Because whisky casks are so expensive, you can understand why some whisky producers would use casks over and over to mature their whisky, rather than buying more casks. However, the more a cask has been used, the less colour and flavour will be imparted into the whisky. That’s why it’s rare to find a cask that has been used for more than three refills.

A first-fill cask is exactly that – a cask that has been filled with whisky for the first time. If a cask has been filled with whisky at least twice, it is known as a refill cask.

A lot of Scotch whisky will first be matured in ex-bourbon whiskey casks from America. This is because they’re readily available as bourbon must be aged in new casks. That means that, once the cask has been used, it can’t be used again. They’re usually broken down and shipped to Scotland, where master coopers will reassemble them, usually with extra staves to increase their volume.

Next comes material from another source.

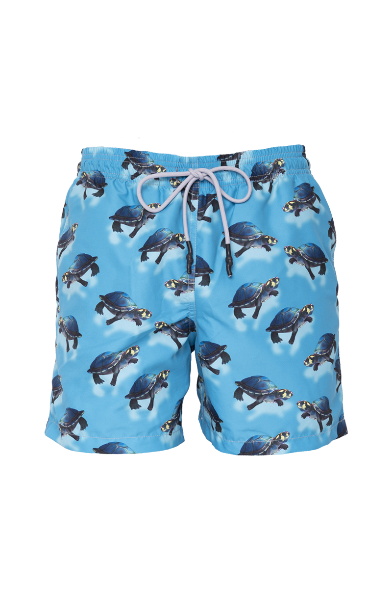 Calção de banho. Roupa de praia Steam - moda sustentável. Coleção amazonas: uma homenagem à nossa floresta tropical colombiana. A modelo está usando tamanho de amostra pequeno.

There is only one working cooperage remaining in the UK, and that is located in Speyside, as part of the Speyside Whisky Trail. I find that aptly named Speyside Cooperage fascinating, and I’m sure you will too, so keep your eyes peeled for a blog on that in the near future.

Type of Wood Used

When it comes to whisky casks, wood is not just wood. The type of wood used to make a cask can massively influence the overall quality of the whisky contained within.

For Scotch whisky production however, oak is very much the wood in favour. Specifically, European oak and American oak.

European oak has more of an earthy, spicy finish to it. Therefore, whiskies with earthy and spicy notes work very well in casks made from this material. American oak however, is much milder and sweeter, especially after being charred. Speaking of which…

Charring the Casks

Finally, before I wrap things up today, I’m going to talk about the charring of the barrels. This particular aspect of whisky production isn’t talked about enough in my opinion, despite it playing such a crucial role, especially in the production of bourbon.

All whisky casks are charred. In America, by law, bourbon must be aged in first-fill American oak casks which have been charred or toasted. This process literally requires the inside of the barrels to be burnt. This is to create what is known as the ‘Maillard effect’ whereby the natural sugars found within the wood are caramelized. This helps to bring out those sweet, vanilla, nutty, and spicy notes from the oak.

Contrary to what some may tell you, charring the wood imparts very few smoky notes. It instead helps open up the wood, increase its surface area, and caramelize its sugars to help the whisky absorb more of these sweet, fruity, spicy, nutty flavours.